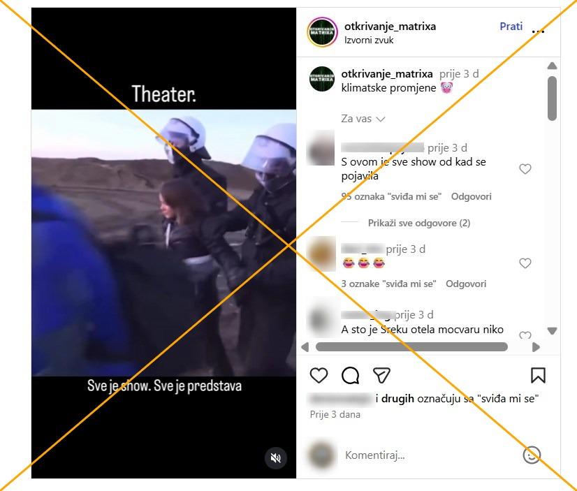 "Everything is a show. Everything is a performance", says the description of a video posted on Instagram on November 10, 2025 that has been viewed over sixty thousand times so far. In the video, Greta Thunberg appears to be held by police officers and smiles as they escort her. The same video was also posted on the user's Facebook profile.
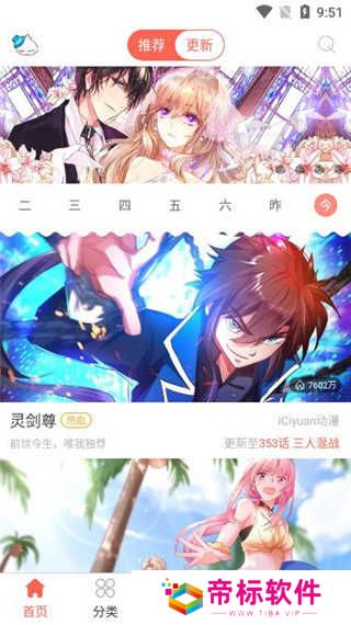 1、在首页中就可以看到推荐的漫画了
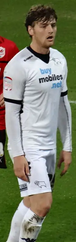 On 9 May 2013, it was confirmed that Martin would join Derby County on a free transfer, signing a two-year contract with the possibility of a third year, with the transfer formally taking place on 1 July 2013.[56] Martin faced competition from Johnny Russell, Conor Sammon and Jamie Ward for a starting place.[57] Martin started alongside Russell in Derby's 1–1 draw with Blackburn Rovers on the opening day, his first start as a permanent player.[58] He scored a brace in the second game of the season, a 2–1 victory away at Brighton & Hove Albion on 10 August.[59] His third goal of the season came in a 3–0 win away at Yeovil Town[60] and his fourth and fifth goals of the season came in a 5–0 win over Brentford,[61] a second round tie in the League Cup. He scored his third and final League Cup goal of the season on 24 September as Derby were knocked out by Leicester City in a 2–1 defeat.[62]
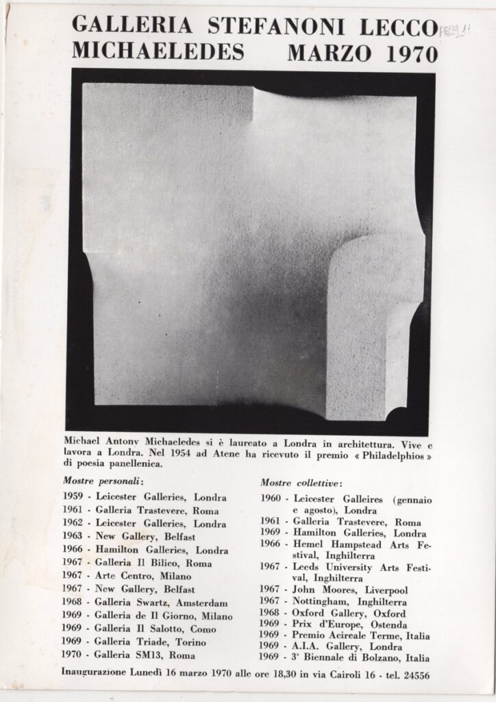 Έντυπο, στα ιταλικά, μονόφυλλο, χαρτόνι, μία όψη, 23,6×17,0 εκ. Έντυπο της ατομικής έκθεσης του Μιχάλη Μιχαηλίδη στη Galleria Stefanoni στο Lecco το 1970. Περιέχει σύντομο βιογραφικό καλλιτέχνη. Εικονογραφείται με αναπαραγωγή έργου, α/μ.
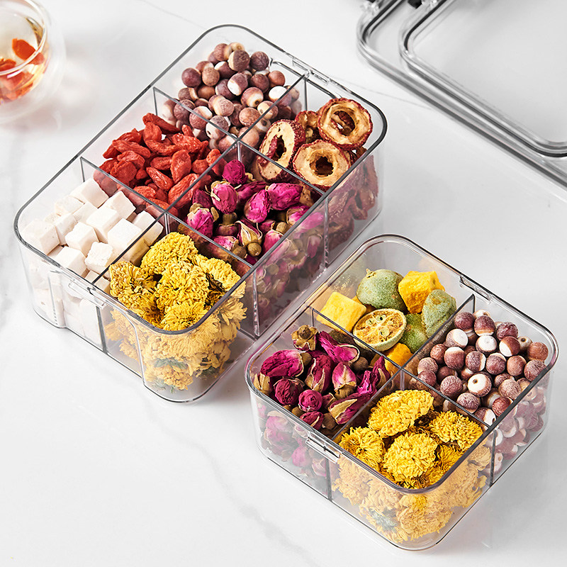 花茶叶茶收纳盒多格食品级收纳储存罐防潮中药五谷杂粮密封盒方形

> [Requirement]:
Return exactly the lines from the one containing "On 9 May 2013, it" through the end of the records, leaving out every picture.

> [Result for this exercise]:
 On 9 May 2013, it was confirmed that Martin would join Derby County on a free transfer, signing a two-year contract with the possibility of a third year, with the transfer formally taking place on 1 July 2013.[56] Martin faced competition from Johnny Russell, Conor Sammon and Jamie Ward for a starting place.[57] Martin started alongside Russell in Derby's 1–1 draw with Blackburn Rovers on the opening day, his first start as a permanent player.[58] He scored a brace in the second game of the season, a 2–1 victory away at Brighton & Hove Albion on 10 August.[59] His third goal of the season came in a 3–0 win away at Yeovil Town[60] and his fourth and fifth goals of the season came in a 5–0 win over Brentford,[61] a second round tie in the League Cup. He scored his third and final League Cup goal of the season on 24 September as Derby were knocked out by Leicester City in a 2–1 defeat.[62]
 Έντυπο, στα ιταλικά, μονόφυλλο, χαρτόνι, μία όψη, 23,6×17,0 εκ. Έντυπο της ατομικής έκθεσης του Μιχάλη Μιχαηλίδη στη Galleria Stefanoni στο Lecco το 1970. Περιέχει σύντομο βιογραφικό καλλιτέχνη. Εικονογραφείται με αναπαραγωγή έργου, α/μ.
 花茶叶茶收纳盒多格食品级收纳储存罐防潮中药五谷杂粮密封盒方形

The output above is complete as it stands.